To formalize the divergence between two sets of values V1 and V2, we could ask the following hypothetical question: to what extent is it possible to create a world that was good according to both V1 and V2? Formally, let Wi be a world optimized according to Vi, and for any world W let pi be such that Vi is indifferent between W and { a probability pi of Wi and a probability (1 – pi) of 0 }. Then given a set of values V1, V2, …, Vn we can ask what the maximum possible value of p1 + p2 + … + pn is over all feasible worlds W. My vague guess is that if we performed this exercise with the considered values of all living humans, we would get something like 0.1 to 0.5 (per person). This formalization is a bit sketchy, and the conclusion is little more than a restatement of my intuitions, but I hope that using this kind of approach for thinking about value divergence can at least help improve communication.
Other cases
Selfishness
One way in which different people’s values differ is in the extent to which they care about themselves vs. other people. I don’t know what happens to this distinction in the long run (I don’t know what happens to the notion of identity, or altruistic inclinations, upon extensive reflection) but if some people would choose to monopolize a significant fraction of social resources for their own benefit, it could potentially significantly decrease the whole value of the universe.
I tend to think this is not a significant concern for a number of reasons. First is that arguments 1 applies very well in this setting and recommends cooperation. Second is that ordinary self-interest seems to be relatively satiable, so that most people would be disinclined to monopolize a billion stars for their own advantage. Third is that because most people’s self-interest seems to be relatively satiable and short-sighted, I expect the self-interested parts of people’s motivations to mostly trade vast resources in the distant future for modest resources soon, and to mostly trade the possibility of astronomical resources for a certainty of more modest resources. Fourth is that arguments 3 & 4 from above apply, though to a lesser extent than for altruistic values—most people’s idea of a good time is not optimal by my lights, but it is still pretty good. There seems to be a good chance that sufficiently advanced self-interest requires the existence of large prosperous worlds that I would consider valuable. (Though in the modern world massive expenditures for selfish goals don’t seem to produce much value.)
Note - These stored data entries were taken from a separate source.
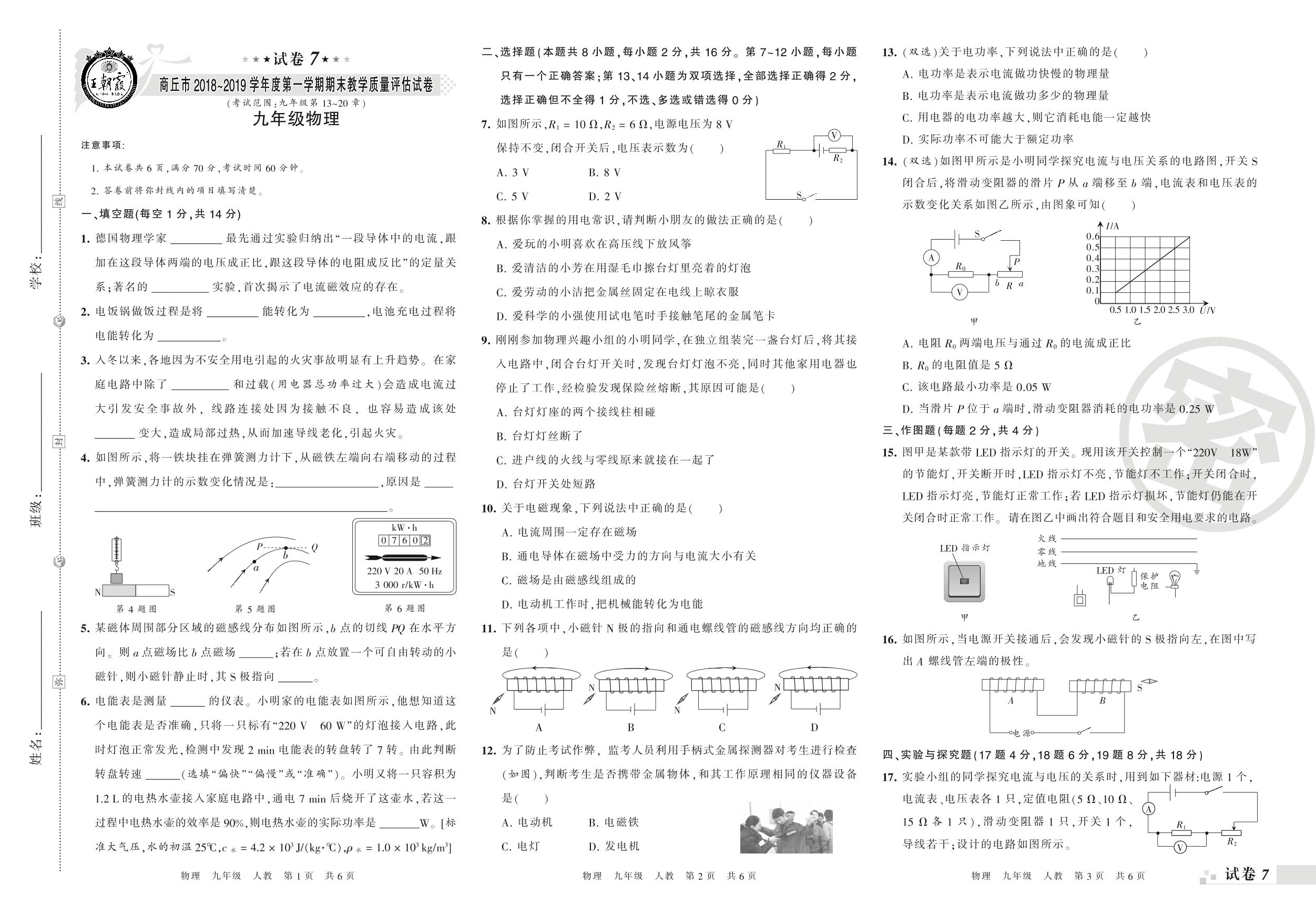 2018-2019学年第一学期商丘市九年级物理试卷(人教版)【7】
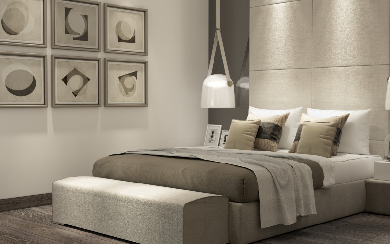 Master bedroom suite with luxury en suite bathroom and terrace access over the pool towards the sea and golf. Two further bedrooms both with en suite bathrooms. Gallery hallway overlooking the lounge area below.
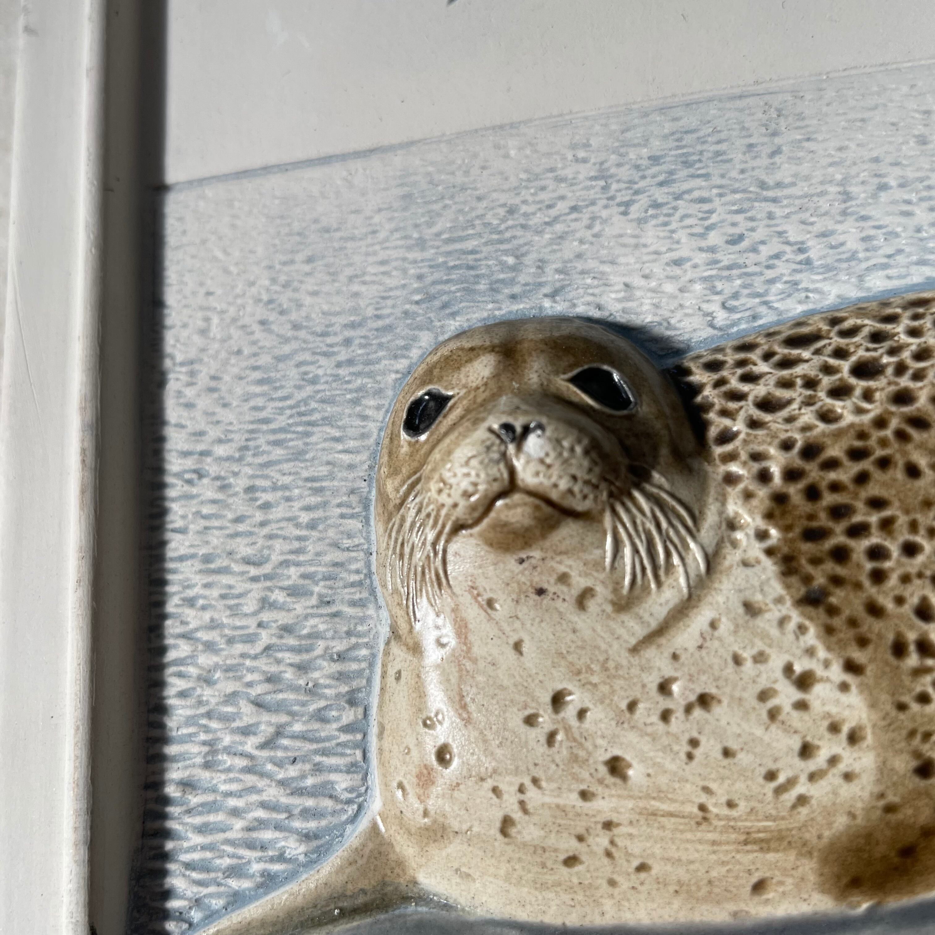 この陶板は、動物など立体になっている部分と、奥の風景など削って描かれている部分があり、陶板に奥行きを感じます。
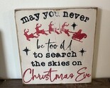 Features an inspirational message: "May you never be too old to search the skies on Christmas Eve" with festive red and black lettering.
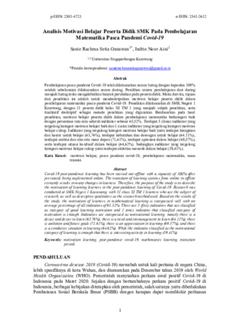 Sanie, Rachma Setia Gunawan and Indrie, Noor Aini (2023) Analisis motivasi belajar peserta didik SMK pada pembelajaran matematika pasca pandemi Covid-19. Gammath: Jurnal Ilmiah Program Studi Pendidikan Matematika, 8 (1): 1. pp. 1-9. ISSN 2503-4723
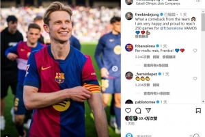 此役是德容巴萨生涯出战的第250场比赛,他在社交媒体上晒出自己佩戴队长袖标的照片:“球队的逆转太精彩了!我很高兴和自豪能为巴萨出战250场比赛,加油!”
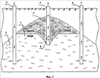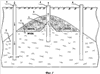 Сущность предлагаемого способа заключается в разработке нефтяного пласта с использованием двух последовательно чередующихся режимов работы, обеспечивающих повышение эффективности добычи нефти. Первый режим работы поясняется фиг.1, второй – фиг.2. На нефтяной залежи 1, подстилаемой водой 2, имеются отдельные участки с повышенными гипсометрическими отметками кровли продуктивного пласта 3. На повышенных участках структуры располагают нефтедобывающие скважины 4, которые перфорируют в прикровельном интервале пласта и ниже водонефтяного контакта. На склонах пласта-коллектора располагают нагнетательные скважины 5 и добывающие скважины 6, предназначенные для нагнетания и отбора вытесняющего агента. Нагнетательные скважины 5 и добывающие скважины 6 перфорируют ниже текущего положения водонефтяного контакта. Первоначальный режим работы предусматривает эксплуатацию пласта нефтедобывающими скважинами 4 через интервал перфорации в прикровельной части пласта, при этом осуществляют нагнетание вытесняющего агента через нагнетательные скважины 5. Эксплуатация в таком режиме с течением времени приводит к подтягиванию конуса воды 7 к прикровельному интервалу пласта и обводнению нефтедобывающих скважин 4. При подтягивании конуса воды 7 к прикровельному интервалу пласта переходят ко второму режиму работы, предусматривающему форсированный отбор жидкости нефтедобывающими скважинами 4 через интервал перфорации, расположенный ниже водонефтяного контакта, при одновременном нагнетании вытесняющего агента через нагнетательные скважины 5 и отборе вытесняющего агента через добывающие скважины 6. При этом устанавливают темп отбора, превышающий темп закачки. Эксплуатацию пласта нефтедобывающими скважинами 4 через интервал перфорации в прикровельной части пласта или через интервал перфорации, расположенный ниже водонефтяного контакта, обеспечивают, например, за счет применения известного оборудования для раздельной эксплуатации пластов [Патент RU 2291953, МПК Е21В 43/14, 47/00, опубл. 20.01.2007 г., или Патент RU 60982, МПК Е21В 43/14, опубл. 10.02.2007 г.]. Оборудование для раздельной эксплуатации пластов на фиг.1 и фиг.2 не показано. Отбираемую из добывающих скважин 6 продукцию, воду с небольшим содержанием нефти, направляют на подготовку (не показано) и после отделения нефти повторно закачивают через нагнетательные скважины 5 в обводненную зону разрабатываемого пласта. За счет интенсивной циркуляции воды в пласте-коллекторе между нагнетательными 5 и добывающими 6 скважинами происходит вымывание остаточной нефти из низкопроницаемых, слабодренированных зон. При форсированном отборе жидкости нефтедобывающими скважинами 4 через интервал перфорации, расположенный ниже водонефтяного контакта, и превышении темпа отбора через добывающие скважины 6 над темпом закачки через нагнетательные скважины 5 происходит снижение давления в водонасыщенной части пласта, конус воды 7 под действием притока нефти из верхней нефтенасыщенной части пласта оттесняется от перфорационных отверстий в прикровельном интервале пласта к перфорационным отверстиям, расположенным ниже водонефтяного контакта. При этом образуется обратный нефтяной конус 8, ориентированный в сторону перфорационных отверстий, расположенных ниже водонефтяного контакта. Второй режим работы использую

Each of these considerations is relatively weak, but I think on average each reduces the significance of selfishness by a factor of about 2 in expectation, so the total effect is to massively reduce the badness of selfishness in expectation. On balance I feel unenthusiastic about trying to make the distant future more altruistic (though if there were really great opportunities to do so, or significant considerations I haven’t yet considered, this could easily be revised).
Stranger things than these
This discussion has focused on the difference between different people’s values in modern society. Such differences might be relatively small compared to the differences between completely different populations.
- Different human societies might have wildly different values, but I think the arguments above still apply almost entirely wholesale (the only exception being that there are no opportunities for gains from trade). So if modern civilization is destroyed and eventually successfully rebuilt, I think we should treat that as recovering most of Earth’s altruistic potential (though I would certainly hate for it to happen).
- Different intelligent species might have even more fundamentally different values. Now arguments 1 and 3 apply in force, but arguments 2 and 4 are substantially weakened. These arguments can be salvaged to some extent by looking at other moral intuitions, particularly metamoral intuitions regarding parsimony, and seeing what aspects of human cognition human morality depends most sensitively on. I would guess that if humanity is destroyed and replaced by e.g. great apes, this would modestly reduce Earth’s potential according to my values. But this scenario makes the decision-theoretic argument in 1 particularly potent, and I think it would be an error to treat such a collapse as a huge cost (again, setting aside the massive loss of human life, the death of me and everyone I love, and so on). The situation is pretty similar though more extreme if we consider intelligent life from elsewhere in the universe. This is a bit of a weird topic, but I do hope to spend a little more time on it in a future post, explaining in more detail why I think we should be nice to aliens we encounter even if their lives are completely morally worthless by our accounting.
- Automation that humans fail to control might pursue values which no humans share. If most available resources were controlled by such automations, I would consider that a very significant moral loss, destroying most of society’s potential. Arguments 2-4 do not seem to very reliably apply in this case, the gains-from-trade argument does not apply, and it seems superficially erroneous to apply the decision-theoretic argument in 1 to this case. However, the assertion that the decision-theoretic arguments don’t apply is a bit sensitive to the nature of the automation (and particularly where their values do come from) and to my uncertainty about the strength and conclusions of the decision-theoretic arguments. (Clarifying these points is closely related to my moral intuitions about this kind of “corner case.”) So I could imagine changing my position on this point, and I would certainly guess that an outcome where uncontrolled automations push society in arbitrary directions is much better than an outcome in which Earth is scoured.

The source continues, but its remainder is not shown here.